Photography by Yasmin Yassin for WSJ
“They are not willing to go to work and not coming outside a lot because of fear,” said Abdiweli Yusuf , a 33-year-old Somali-American, as he swept up the grocery store he owns with family members. He wore a traditional robe-like khamiis under a long wool coat and a pink stocking cap against the below-zero windchill, which he didn’t seem to mind. “Minnesota is the most welcoming place in America,” he said. “I have five kids who were born here in Willmar hospitals. This is our forever home.”
Many here, and across Minnesota, have been shaken by a sprawling fraud scandal that has put the state’s Somali community in the national spotlight and drawn Trump’s ire. Federal prosecutors say dozens of people bilked taxpayers by setting up scam social-services companies. It has hit home here.
A Minneapolis man pleaded guilty in February to fraud that included using the address of a Willmar restaurant to claim that he fed 1.6 million meals to children early in the pandemic, according to the U.S. Attorney for the District of Minnesota.
Local leaders say the scandal doesn’t reflect the Somali community broadly. “I can honestly say I haven’t encountered any bad Somalis,” said Willmar Mayor Doug Reese. “I mean, there’s probably some, but by and large, they’re good people.”
When Reese, a former union official, moved to the area in 1972, the city was made up mostly of descendants of Swedes, Norwegians, Dutch and Germans, he said.
The first big wave of more recent migrants was Hispanic farmworkers.
Rollie Nissen , a 79-year-old former shoe salesman and longtime Republican leader in the area, said he appreciated the inflow of cash from the newcomers. “I had no problem with them, because when they got paid they would come to my store and buy cowboy boots,” he said.

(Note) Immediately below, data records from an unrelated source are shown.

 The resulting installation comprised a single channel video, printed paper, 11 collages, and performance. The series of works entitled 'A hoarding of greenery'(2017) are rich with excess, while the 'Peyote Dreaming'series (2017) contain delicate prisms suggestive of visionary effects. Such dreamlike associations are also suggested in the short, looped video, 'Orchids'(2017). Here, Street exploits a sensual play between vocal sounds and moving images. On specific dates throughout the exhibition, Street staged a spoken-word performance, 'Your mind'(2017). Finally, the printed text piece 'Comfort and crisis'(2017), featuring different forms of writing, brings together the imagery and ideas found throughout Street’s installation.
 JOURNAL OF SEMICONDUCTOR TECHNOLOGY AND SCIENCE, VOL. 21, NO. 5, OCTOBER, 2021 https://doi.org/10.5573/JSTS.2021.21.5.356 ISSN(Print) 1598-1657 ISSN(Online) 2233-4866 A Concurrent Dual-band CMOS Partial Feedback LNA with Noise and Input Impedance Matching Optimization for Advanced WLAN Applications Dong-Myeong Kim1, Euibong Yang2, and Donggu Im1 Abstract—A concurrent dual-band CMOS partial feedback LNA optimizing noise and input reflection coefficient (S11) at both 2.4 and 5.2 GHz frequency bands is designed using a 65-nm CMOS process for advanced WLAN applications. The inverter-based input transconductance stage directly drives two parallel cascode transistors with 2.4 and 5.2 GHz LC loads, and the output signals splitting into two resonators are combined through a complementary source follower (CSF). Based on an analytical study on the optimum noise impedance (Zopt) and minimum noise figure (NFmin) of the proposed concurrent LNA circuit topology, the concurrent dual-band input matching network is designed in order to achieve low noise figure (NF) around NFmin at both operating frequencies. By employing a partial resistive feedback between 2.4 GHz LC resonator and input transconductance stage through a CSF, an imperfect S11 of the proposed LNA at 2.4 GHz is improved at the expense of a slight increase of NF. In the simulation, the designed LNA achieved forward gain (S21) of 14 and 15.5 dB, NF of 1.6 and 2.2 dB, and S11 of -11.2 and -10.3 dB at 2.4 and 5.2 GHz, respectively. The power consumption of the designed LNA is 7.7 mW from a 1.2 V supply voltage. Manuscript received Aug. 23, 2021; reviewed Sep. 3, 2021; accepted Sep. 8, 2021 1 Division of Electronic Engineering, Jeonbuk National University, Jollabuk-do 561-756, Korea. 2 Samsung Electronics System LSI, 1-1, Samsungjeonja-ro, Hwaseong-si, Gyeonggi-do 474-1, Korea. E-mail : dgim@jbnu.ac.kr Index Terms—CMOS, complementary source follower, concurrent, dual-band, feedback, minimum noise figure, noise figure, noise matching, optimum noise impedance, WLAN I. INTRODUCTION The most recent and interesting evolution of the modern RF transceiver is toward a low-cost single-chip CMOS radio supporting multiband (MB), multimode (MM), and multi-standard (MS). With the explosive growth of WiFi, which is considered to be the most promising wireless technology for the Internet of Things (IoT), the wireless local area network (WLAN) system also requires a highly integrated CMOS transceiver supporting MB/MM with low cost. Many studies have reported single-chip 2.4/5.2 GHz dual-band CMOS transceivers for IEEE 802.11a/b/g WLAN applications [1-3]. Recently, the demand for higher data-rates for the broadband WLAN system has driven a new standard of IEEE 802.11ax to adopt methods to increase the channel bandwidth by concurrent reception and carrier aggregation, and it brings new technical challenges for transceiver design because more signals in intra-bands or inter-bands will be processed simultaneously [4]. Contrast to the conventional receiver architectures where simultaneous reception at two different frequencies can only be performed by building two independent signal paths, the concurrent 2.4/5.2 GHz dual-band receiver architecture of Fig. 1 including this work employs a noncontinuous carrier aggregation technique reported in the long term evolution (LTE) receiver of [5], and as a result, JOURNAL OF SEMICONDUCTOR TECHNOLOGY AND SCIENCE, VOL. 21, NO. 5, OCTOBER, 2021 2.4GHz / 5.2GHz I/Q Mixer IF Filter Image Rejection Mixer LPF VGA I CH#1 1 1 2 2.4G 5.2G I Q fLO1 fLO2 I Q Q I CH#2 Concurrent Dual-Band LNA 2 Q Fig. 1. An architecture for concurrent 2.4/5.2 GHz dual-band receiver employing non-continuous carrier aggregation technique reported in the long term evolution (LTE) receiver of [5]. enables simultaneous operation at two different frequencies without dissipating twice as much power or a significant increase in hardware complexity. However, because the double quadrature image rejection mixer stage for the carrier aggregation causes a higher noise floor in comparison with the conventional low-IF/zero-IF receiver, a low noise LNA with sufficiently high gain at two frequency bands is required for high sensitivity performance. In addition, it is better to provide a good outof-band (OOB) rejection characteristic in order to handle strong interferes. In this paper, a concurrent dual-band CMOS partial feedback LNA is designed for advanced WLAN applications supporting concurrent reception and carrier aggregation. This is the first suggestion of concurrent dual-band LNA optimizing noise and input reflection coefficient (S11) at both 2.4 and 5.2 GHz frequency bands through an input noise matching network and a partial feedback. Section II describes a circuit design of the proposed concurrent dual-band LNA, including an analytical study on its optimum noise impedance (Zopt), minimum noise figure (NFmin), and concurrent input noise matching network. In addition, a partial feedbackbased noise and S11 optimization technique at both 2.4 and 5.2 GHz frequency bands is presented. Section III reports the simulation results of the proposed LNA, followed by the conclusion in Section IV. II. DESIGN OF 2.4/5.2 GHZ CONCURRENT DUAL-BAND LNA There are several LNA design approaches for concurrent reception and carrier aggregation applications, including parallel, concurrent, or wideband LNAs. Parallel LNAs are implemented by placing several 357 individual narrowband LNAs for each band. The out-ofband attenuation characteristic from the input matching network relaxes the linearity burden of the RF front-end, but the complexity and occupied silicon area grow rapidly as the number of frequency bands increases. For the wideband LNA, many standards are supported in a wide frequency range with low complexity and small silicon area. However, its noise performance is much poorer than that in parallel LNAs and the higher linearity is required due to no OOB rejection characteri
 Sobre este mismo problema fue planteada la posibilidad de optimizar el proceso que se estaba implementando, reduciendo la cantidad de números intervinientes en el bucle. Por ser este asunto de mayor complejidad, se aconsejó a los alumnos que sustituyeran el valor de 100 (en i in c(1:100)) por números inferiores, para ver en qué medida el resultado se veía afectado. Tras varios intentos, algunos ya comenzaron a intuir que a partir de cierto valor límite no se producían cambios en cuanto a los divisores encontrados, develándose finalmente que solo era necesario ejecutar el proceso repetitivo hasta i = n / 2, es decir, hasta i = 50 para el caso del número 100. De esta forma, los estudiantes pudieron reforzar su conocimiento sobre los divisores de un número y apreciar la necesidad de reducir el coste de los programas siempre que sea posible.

Nissen did express reservations, however, after the Somalis started to arrive in relatively large numbers.
In 2019, after Trump issued an executive order requiring states and counties to formally consent to continue receiving refugees, Kandiyohi County—where Willmar is the county seat—wrestled with the decision. Nissen, then chair of the county board, said many people wanted a pause in refugees but were afraid to say so out of fear of being labeled racist. He cited concerns from constituents about overburdened social services in the area, according to local radio coverage of the meeting.
In the end, the county became the first in Minnesota to say they wanted to continue, but only in a 3-to-2 vote. Nissen was one of two “no” votes.

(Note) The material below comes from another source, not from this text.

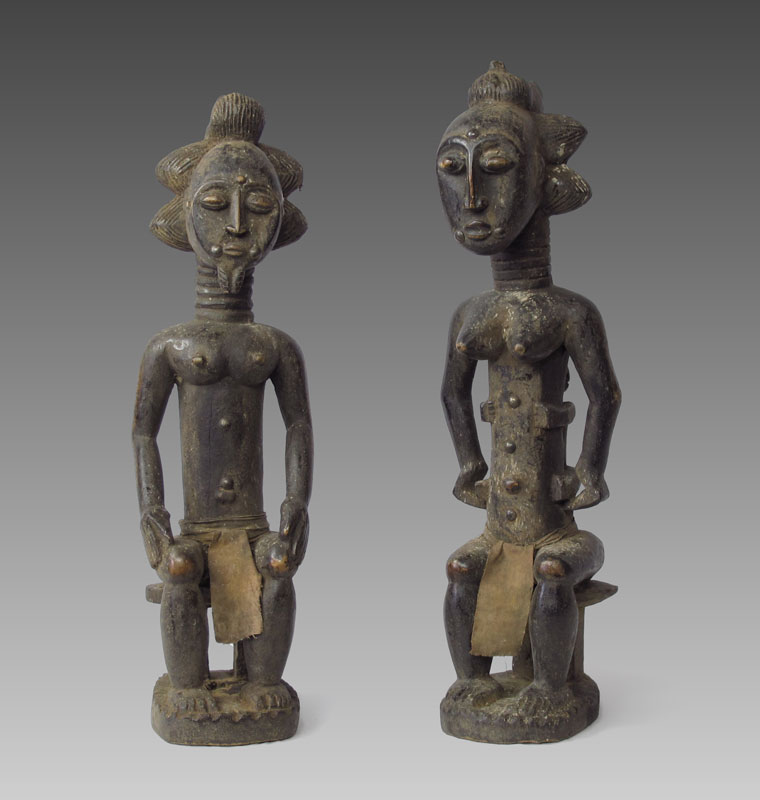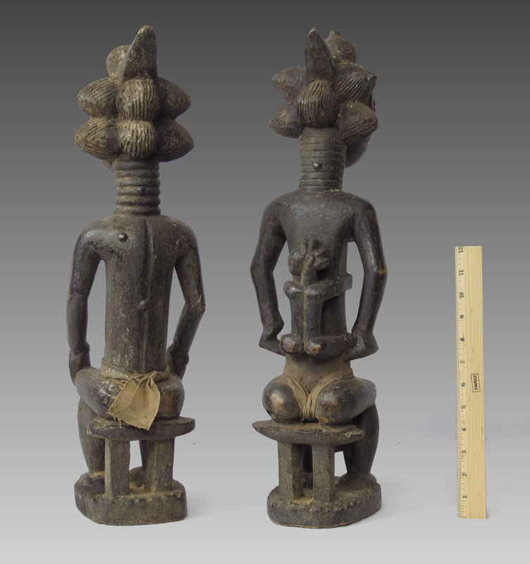 PAIR OF AFRICAN WOODEN BAULE SEATED FIGURES: From the Ivory Coast of Africa, approx. 23'' x 8'' x 7''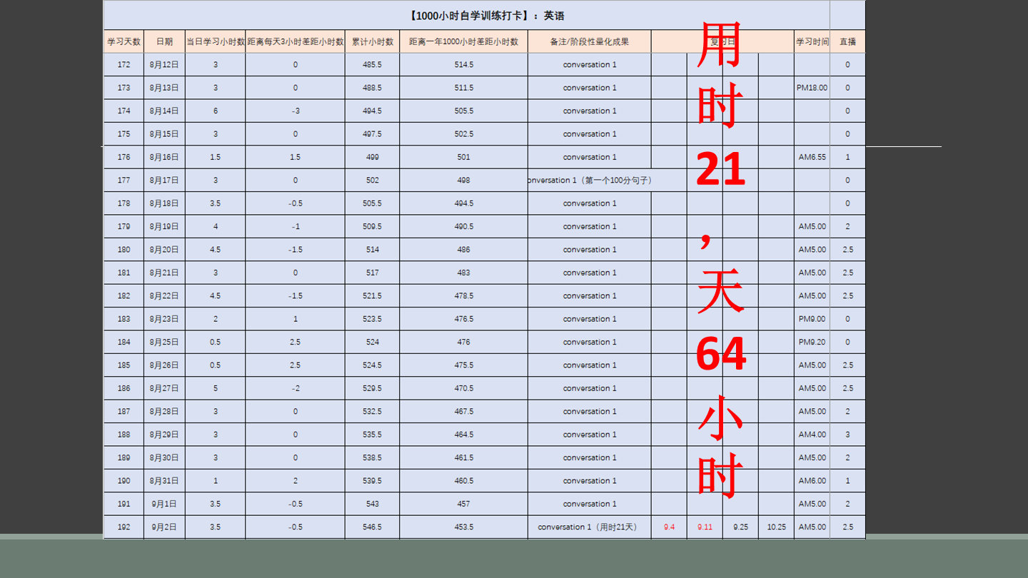 发脾气,发牢骚的时间长了,大脑就开启了原认知,意识到自己这样是错误的,得优化我的学习时间安排。 我就在下了班在单位学习3个小时后回家。 后来我发现在单位学习的3个小时,不能太大声的去朗读得稍微晚一点才可以。 坚持一段时间发现不大声朗读就会效效果大打折扣。 且陪伴家人的时间就少的可怜。 我再一次认为我的这个流程不是最优的,我得继续调整。 后来老师说把一天中最重要的事情,尽量放在睡觉醒来的第一件事,于是我开始尝试每天早上4点50起床,读到7点30送小朋友上学,这样就已经完成了2. 5个小时了。

Today, Nissen said he has a very good Somali friend and drives Somali children to school in his part-time job as a bus driver. He feels the president’s comments go too far.
“It’s not just the Somalis who are raiding the bank,” he said. “It’s a broad brush, I don’t think he should be painting with a broad brush. We should get rid of the people who are here illegally, not ship everybody back to Somalia or Mexico or Venezuela.”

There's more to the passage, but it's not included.